Saturday, October 15, 2011

Day 2

         I don't want to be a 2nd, 3rd, or 4th choice. I want to be number 1 no matter what. Is that to much to ask for these day's? Is it really that hard to be faithful to 1 person? They say in every relationship there is always 1 person that loves the significant other more. What if I'm that 1. I've always had a fear of being lonely for the rest of my life because I feel like everyone is gonna die on me.
    I'm young I really shouldn't think about that stuff, but I do and I can't help it. I don't wanna get close to anyone because I feel like I'm gonna loose them. something always goes wrong when it comes to something I love. My dad passed away when I was thirteen, he was forty four years old. I'm gonna have to grow up without a dad for the REST of my life.
    Yeah sure me and him did argue "A LOT" but that doesn't mean I didn't love him. He would play games with me, sing me songs,bring me home puppies,(That was my favorite),Dance with me, tell me everything was gonna be okay when something went wrong. He wanted me to ride horses and motor cycles. I don't know why my dad was always a little strange. unfortunately he had a drinking problem. 
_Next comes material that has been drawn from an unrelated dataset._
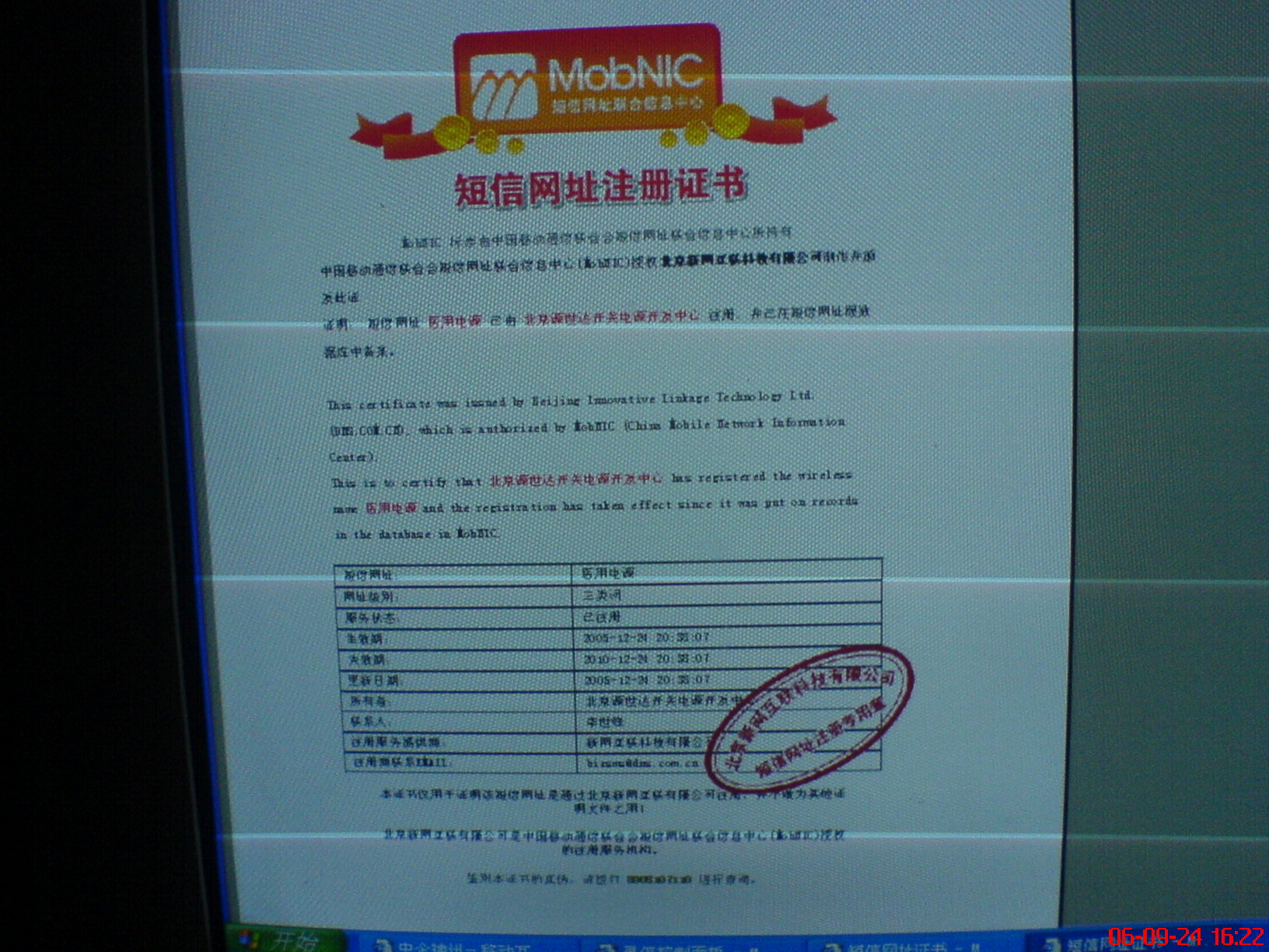 短信網(wǎng)址注冊證書

    He would wake up drinking and go to sleep "drunk" still drinking. He wasn't a bad person though. A lot of people blamed my dad for a lot of stuff that happened even if he didn't have anything to do with it, and he was such a good person he took the blame anyway. As we both got older it got worse, he was turning into someone I didn't know, or wanna know for that matter. We would fight and argue all the time just about nothing. He would come home drunk late at night and come in my room and just start talking about off the wall stuff I've never even heard of. He would call me a little bitch and tell me to shut the fuck up when I would tell him to leave me alone.
    I knew he was sick....A year before he passed away he was in my bathroom and he got really sick. I mean really really sick,it was from all the alcohol. He was vomiting blood and it looked like chunks of his liver was in it. I think I might have been 11. I was watching my dad die right in front of my face and I couldn't do anything about it.
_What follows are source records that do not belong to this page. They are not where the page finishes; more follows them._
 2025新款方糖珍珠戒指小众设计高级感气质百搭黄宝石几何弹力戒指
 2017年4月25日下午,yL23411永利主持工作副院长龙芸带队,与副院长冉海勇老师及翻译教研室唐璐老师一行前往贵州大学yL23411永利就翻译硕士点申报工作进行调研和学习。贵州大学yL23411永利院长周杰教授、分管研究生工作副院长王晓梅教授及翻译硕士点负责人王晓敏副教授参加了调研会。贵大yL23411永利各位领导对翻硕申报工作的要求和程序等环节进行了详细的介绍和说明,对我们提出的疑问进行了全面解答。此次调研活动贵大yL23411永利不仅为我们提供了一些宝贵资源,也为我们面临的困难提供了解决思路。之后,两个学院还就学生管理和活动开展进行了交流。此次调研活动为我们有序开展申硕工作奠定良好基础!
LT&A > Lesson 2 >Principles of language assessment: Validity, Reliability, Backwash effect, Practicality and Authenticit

    I remember praying to god to keep my daddy alive. I wanted him to be there when I had kid's and got married and started my own family, I begged him to stop drinking in a letter I wrote him and I slid it under his door. I don't even know if he read it or not but it wasn't there when I went back to check.He was fine for a little while after that well at least I thought so. He slowed down on the drinking for a little while maybe for a week or to but soon enough he was right back to it. 
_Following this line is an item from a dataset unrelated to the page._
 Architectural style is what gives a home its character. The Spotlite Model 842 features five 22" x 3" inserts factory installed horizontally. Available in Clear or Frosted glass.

    He came home 1 night really late like at 2 in the morning and I was on the computer, it was the weekend. He kept telling me to get off and go to bed, but I wouldn't listen. I just ignored him before I knew it my head was getting slammed through the wall. I forgave him I knew my daddy would never do something like that to me. A couple months went by, and before i knew it school was starting back. it was my 7th grade year.
    I was having a lot of throat problems so my grandma took me to the doctor and, they said I needed to get my tonsils removed. Well we went the next day so I could get surgery,it was pretty scary. The doctors were putting me too sleep with laughing gas. I don't know why the hell they call it that because nothing was funny to me I was terrified. They had me strapped down to a table.
    I asked them why they had to do that they said it's so I wouldn't try to get up. They told me it would take less than 7 seconds to fall asleep. Them seven seconds felt like a life time. I felt like I was dying. My breathing got really heavy and I tried to get up (I guess they weren't lying about that) I just wanted to get up and run.
    When I woke up, my throat hurt really bad I couldn't swallow and, I couldn't see my nurse when she was right in front of me everything was blurry. the last thing I remember was asking where I was and then I woke up and I was back in my room. It was just a scary feeling. My daddy was there with me and I was crying because my throat hurt so bad, and he looked at me and said "I Know how you feel baby, you feel like me" I didn't know he was still in so much pain. A couple day's whet by and my throat was getting better day by day,but my daddy was getting worse. He laid on the floor in the living room that whole week. 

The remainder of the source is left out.